■ Data shown

-- -- --

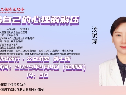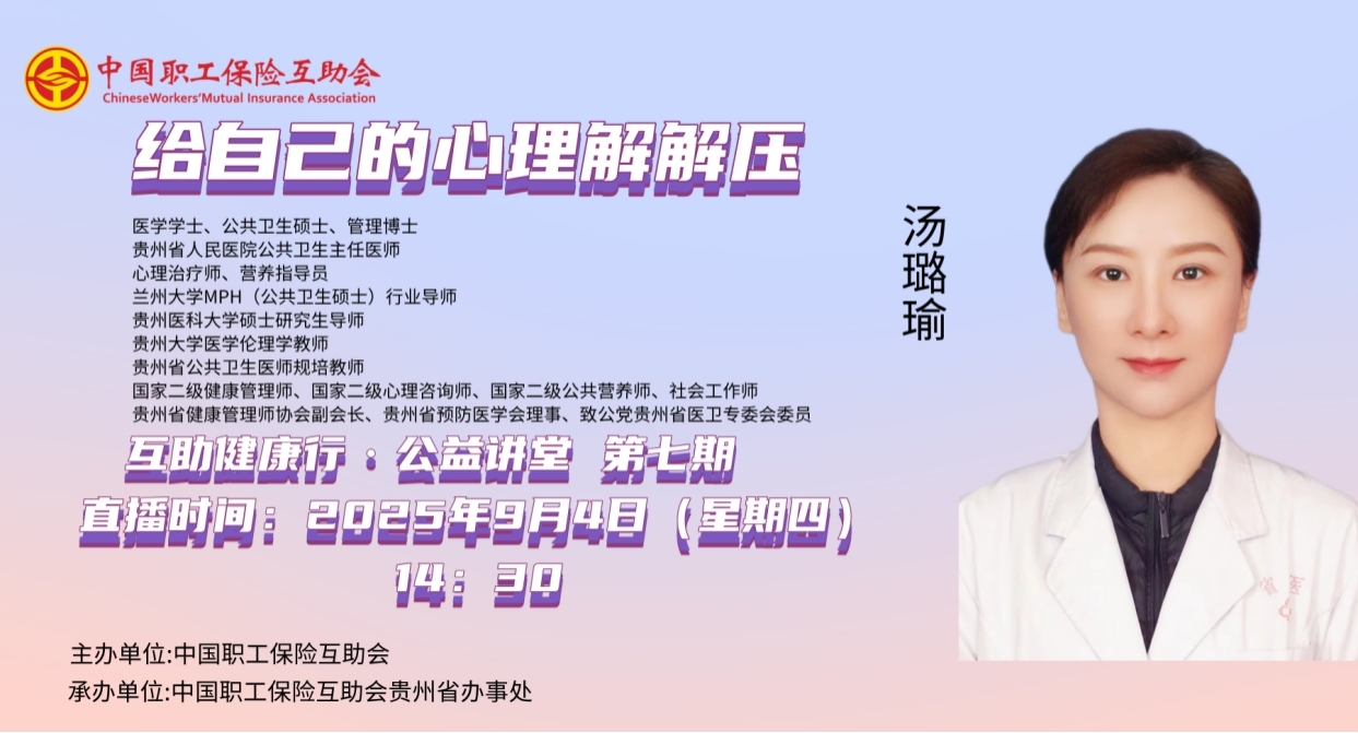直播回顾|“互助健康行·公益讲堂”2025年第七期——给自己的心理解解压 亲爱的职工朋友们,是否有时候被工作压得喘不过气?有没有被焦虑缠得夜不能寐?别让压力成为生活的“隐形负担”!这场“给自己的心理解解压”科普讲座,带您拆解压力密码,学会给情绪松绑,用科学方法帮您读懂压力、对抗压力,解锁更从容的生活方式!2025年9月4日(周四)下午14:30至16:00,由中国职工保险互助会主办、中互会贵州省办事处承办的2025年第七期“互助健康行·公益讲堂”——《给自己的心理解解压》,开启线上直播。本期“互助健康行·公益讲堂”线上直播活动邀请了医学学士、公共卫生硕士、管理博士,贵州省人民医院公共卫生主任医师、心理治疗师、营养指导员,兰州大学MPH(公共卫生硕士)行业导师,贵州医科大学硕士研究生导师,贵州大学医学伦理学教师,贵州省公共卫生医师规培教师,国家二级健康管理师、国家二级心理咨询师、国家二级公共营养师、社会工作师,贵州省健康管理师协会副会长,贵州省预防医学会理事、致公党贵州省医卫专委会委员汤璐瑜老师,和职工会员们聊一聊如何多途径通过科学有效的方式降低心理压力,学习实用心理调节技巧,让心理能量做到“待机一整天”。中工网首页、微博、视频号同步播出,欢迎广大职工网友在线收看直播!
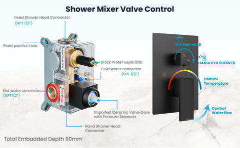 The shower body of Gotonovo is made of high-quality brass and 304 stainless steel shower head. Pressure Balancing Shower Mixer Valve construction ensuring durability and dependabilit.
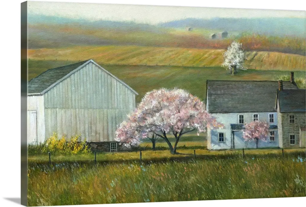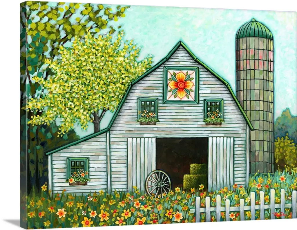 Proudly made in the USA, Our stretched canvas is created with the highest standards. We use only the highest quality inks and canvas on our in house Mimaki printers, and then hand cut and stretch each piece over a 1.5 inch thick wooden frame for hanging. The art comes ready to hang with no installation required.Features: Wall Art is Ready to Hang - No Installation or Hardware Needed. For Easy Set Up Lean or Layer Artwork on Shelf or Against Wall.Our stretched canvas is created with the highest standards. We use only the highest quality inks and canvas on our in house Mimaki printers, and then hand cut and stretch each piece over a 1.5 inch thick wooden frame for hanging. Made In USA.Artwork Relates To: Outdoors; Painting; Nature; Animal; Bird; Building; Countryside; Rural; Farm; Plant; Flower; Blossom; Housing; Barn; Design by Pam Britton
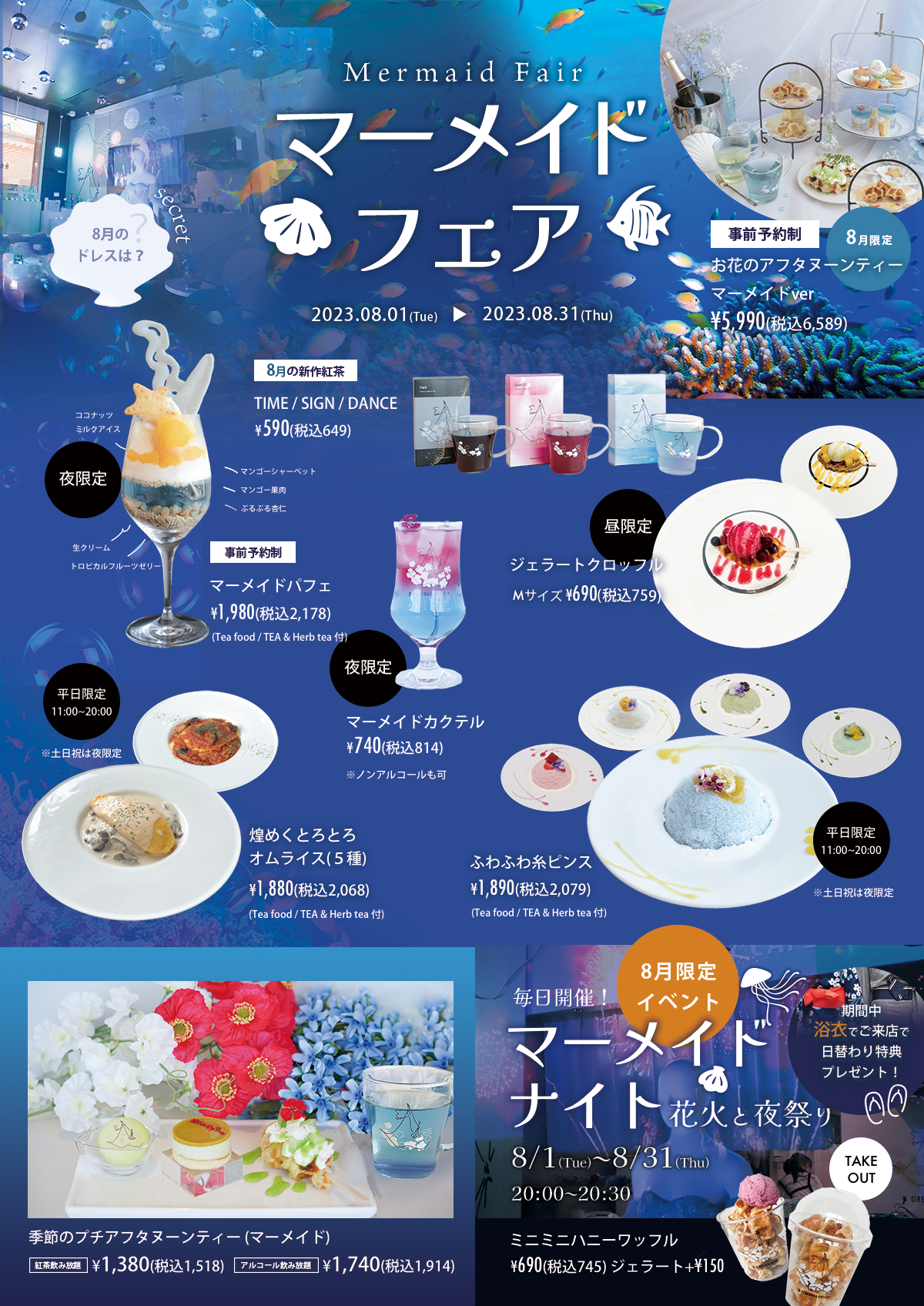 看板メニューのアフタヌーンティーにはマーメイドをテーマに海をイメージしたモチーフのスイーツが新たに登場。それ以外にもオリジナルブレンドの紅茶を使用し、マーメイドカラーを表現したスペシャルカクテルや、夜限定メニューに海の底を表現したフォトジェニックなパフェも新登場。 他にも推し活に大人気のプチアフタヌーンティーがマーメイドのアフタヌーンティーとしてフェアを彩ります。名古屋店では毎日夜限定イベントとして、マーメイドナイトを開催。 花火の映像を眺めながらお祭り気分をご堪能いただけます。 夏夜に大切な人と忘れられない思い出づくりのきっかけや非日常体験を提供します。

-- -- --

■ Task statement
In the answer, give only the lines from the top of the data above through the line with "Proudly made in", reproduced exactly; no picture may appear.

■ Solution to this task
直播回顾|“互助健康行·公益讲堂”2025年第七期——给自己的心理解解压 亲爱的职工朋友们,是否有时候被工作压得喘不过气?有没有被焦虑缠得夜不能寐?别让压力成为生活的“隐形负担”!这场“给自己的心理解解压”科普讲座,带您拆解压力密码,学会给情绪松绑,用科学方法帮您读懂压力、对抗压力,解锁更从容的生活方式!2025年9月4日(周四)下午14:30至16:00,由中国职工保险互助会主办、中互会贵州省办事处承办的2025年第七期“互助健康行·公益讲堂”——《给自己的心理解解压》,开启线上直播。本期“互助健康行·公益讲堂”线上直播活动邀请了医学学士、公共卫生硕士、管理博士,贵州省人民医院公共卫生主任医师、心理治疗师、营养指导员,兰州大学MPH(公共卫生硕士)行业导师,贵州医科大学硕士研究生导师,贵州大学医学伦理学教师,贵州省公共卫生医师规培教师,国家二级健康管理师、国家二级心理咨询师、国家二级公共营养师、社会工作师,贵州省健康管理师协会副会长,贵州省预防医学会理事、致公党贵州省医卫专委会委员汤璐瑜老师,和职工会员们聊一聊如何多途径通过科学有效的方式降低心理压力,学习实用心理调节技巧,让心理能量做到“待机一整天”。中工网首页、微博、视频号同步播出,欢迎广大职工网友在线收看直播!
 The shower body of Gotonovo is made of high-quality brass and 304 stainless steel shower head. Pressure Balancing Shower Mixer Valve construction ensuring durability and dependabilit.
 Proudly made in the USA, Our stretched canvas is created with the highest standards. We use only the highest quality inks and canvas on our in house Mimaki printers, and then hand cut and stretch each piece over a 1.5 inch thick wooden frame for hanging. The art comes ready to hang with no installation required.Features: Wall Art is Ready to Hang - No Installation or Hardware Needed. For Easy Set Up Lean or Layer Artwork on Shelf or Against Wall.Our stretched canvas is created with the highest standards. We use only the highest quality inks and canvas on our in house Mimaki printers, and then hand cut and stretch each piece over a 1.5 inch thick wooden frame for hanging. Made In USA.Artwork Relates To: Outdoors; Painting; Nature; Animal; Bird; Building; Countryside; Rural; Farm; Plant; Flower; Blossom; Housing; Barn; Design by Pam Britton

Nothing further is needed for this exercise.